Christian can’t understand why
someone hasn’t swept Ana off her feet: “You’re beautiful,” he says. But,
crucially, she’s utterly mindless and devoid of personality, with no talents,
no hobbies and no ambitions. What a catch.
Ana overlooks everything he’s saying and focuses on the fact he called her beautiful. “Perhaps he’s near-sighted, my subconscious has reared her somnambulant head.” Where do I even start with this sentence? Firstly, the punctuation means it makes absolutely no sense. Secondly, here’s a little tip for E. L. James: your target readership hasn’t a clue what ‘somnambulant’ means, and I would bet all of my life savings that they didn’t go scrambling to the nearest dictionary to find out. Your readers don’t want big words, they skip right over those; they just want badly-written sex scenes.
“How have you avoided sex?

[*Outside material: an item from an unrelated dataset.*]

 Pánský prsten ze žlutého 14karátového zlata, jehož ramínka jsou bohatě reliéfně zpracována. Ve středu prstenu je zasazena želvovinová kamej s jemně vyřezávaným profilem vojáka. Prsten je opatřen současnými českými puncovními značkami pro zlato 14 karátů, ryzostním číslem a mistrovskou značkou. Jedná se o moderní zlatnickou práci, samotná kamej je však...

Tell
me please,” demands Christian. This is extremely unfair. Okay, I’ve had a good
laugh at the fact that Ana is a virgin, but in all seriousness, it is not a bad
thing. Also, the phrase ‘avoided sex’ makes it sound as though she’s spent the
last six years evading lust-crazed men who all want to get in her pants
because, let’s face it, that’s all women are good for in this universe. Just
because someone isn’t having sex, doesn’t mean they’re avoiding it.
Christian offers to ‘rectify’ the
situation. Yes, that’s right: rectify.
As though it’s a mistake that needs to be corrected. As though the fact that
Ana has been saving her virginity for a nice, pleasant young man, who isn’t a complete
and utter sociopath, is a wrong that needs to be righted.

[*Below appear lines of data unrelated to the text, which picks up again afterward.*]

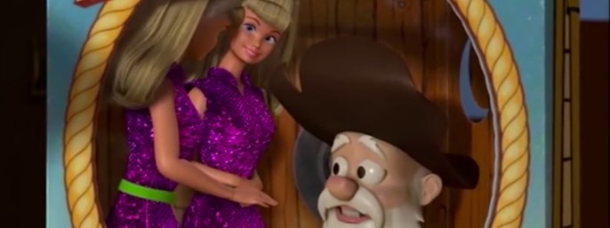 I den pågældende scene – se den efter artiklen – indlader guldgraveren Stinky Pete sig med to barbiedukker. Han tager fat i armen på den ene, kærtegner den og siger, at han er sikker på, at de kan få en rolle i Toy Story 3.
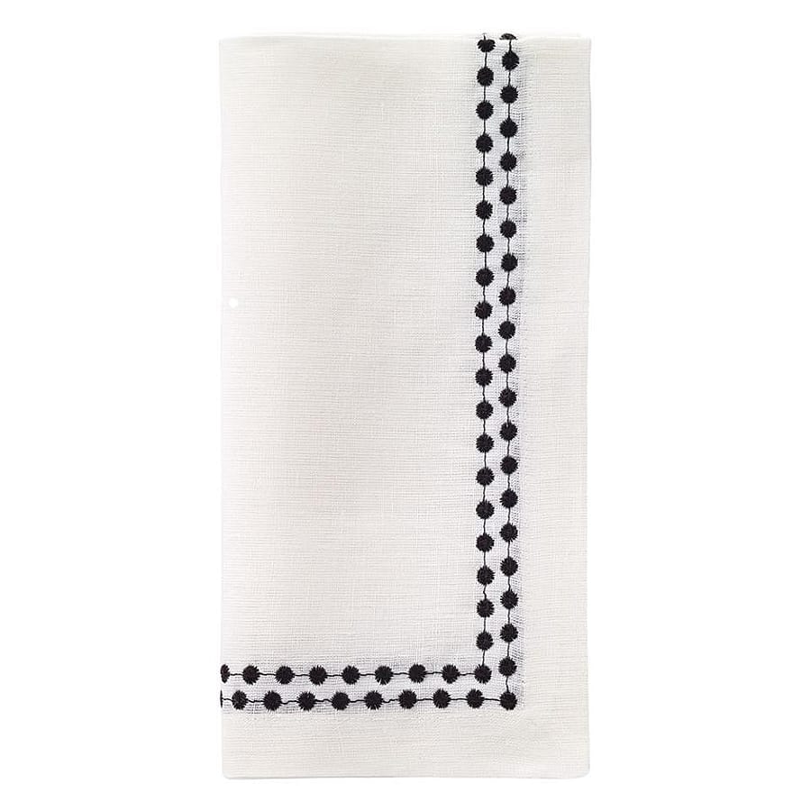 Modern and refined, these 21" square white napkins are finished with sleek black pearl-like embroidery along the edges. Made from a soft, durable cotton and polyester blend, they offer a crisp, high-contrast look that suits both formal dinners and everyday minimalist settings.
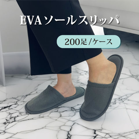EVAソールスリッパ (グレー) 200足/ケース 簡易スリッパ 携帯用シューズ 室内履き ルームシューズ 防災グッズ 非常用 軽量 旅行 飛行機 機内用 学校行事

Being the gentleman that he is,
Christian says that he will make an exception to his usual hard fucking, and
‘make love’ to Ana instead. Oh, cheers. He takes her into his bedroom, with the
predictable floor-to-ceiling windows overlooking Seattle and ultra-modern
furnishings and every other cliché you could imagine into a CEO’s bedroom. He’s
wearing a white linen shirt and jeans.
"I don't make love... I fuck. Hard." |
Say what you want about Christian
Grey, but at least he practices safe sex (in the contraceptive sense, of
course). He asks Ana if she’s on the pill. She isn’t, and he pulls out a
pack of condoms. Good man.
The scene starts off like any
conventional sex scene, really. There are some parts where he’s licking her
feet, because he’s, you know, so sexually liberated, and there’s a
revelation about how Ana has never masturbated before, but honestly, by this
point, I’m not even surprised anymore. She could tell him that she doesn’t even
know where her vagina is, and I’d just be like, okay, sure. That’s actually
pretty believable.
This is the part I have a real
problem with. Christian takes her bra off and starts blowing on her nipples and
you think, okay, a bit of foreplay to get her warmed up. That’s pretty
charitable of you, Christian.
But then it appears that she has an orgasm from him just touching her boobs. If there are any men reading this (and I hope there are, I need to put this myth to rights), please believe me when I say that, to the very best of my knowledge, you cannot bring a woman to orgasm from playing with her nipples. You just can’t. If any girl tells you that she’s had an orgasm this way, she’s lying (or faking). He is literally just touching her boobs and she comes, and it’s her first orgasm too. No, just… no.
This is also the first example of
Ana ‘shattering into a thousand/million/bazillion pieces’ when she has an
orgasm. The author’s descriptive skills don’t stretch to much more than this,
to be honest, and it makes me wonder whether she’s actually had an orgasm
herself or whether she’s just some repressed middle-aged wench who thinks you
can come from boob-fondling.
After giving Ana her first ever
orgasm through completely ridiculous means, Christian decides he’s now going to
fuck her, hard. The actual
description says that he ‘slams into’ her. After all that hard work he just did
rubbing her boobs, he decides to make her first time more painful and
uncomfortable than it needs to be. Nice going, idiot.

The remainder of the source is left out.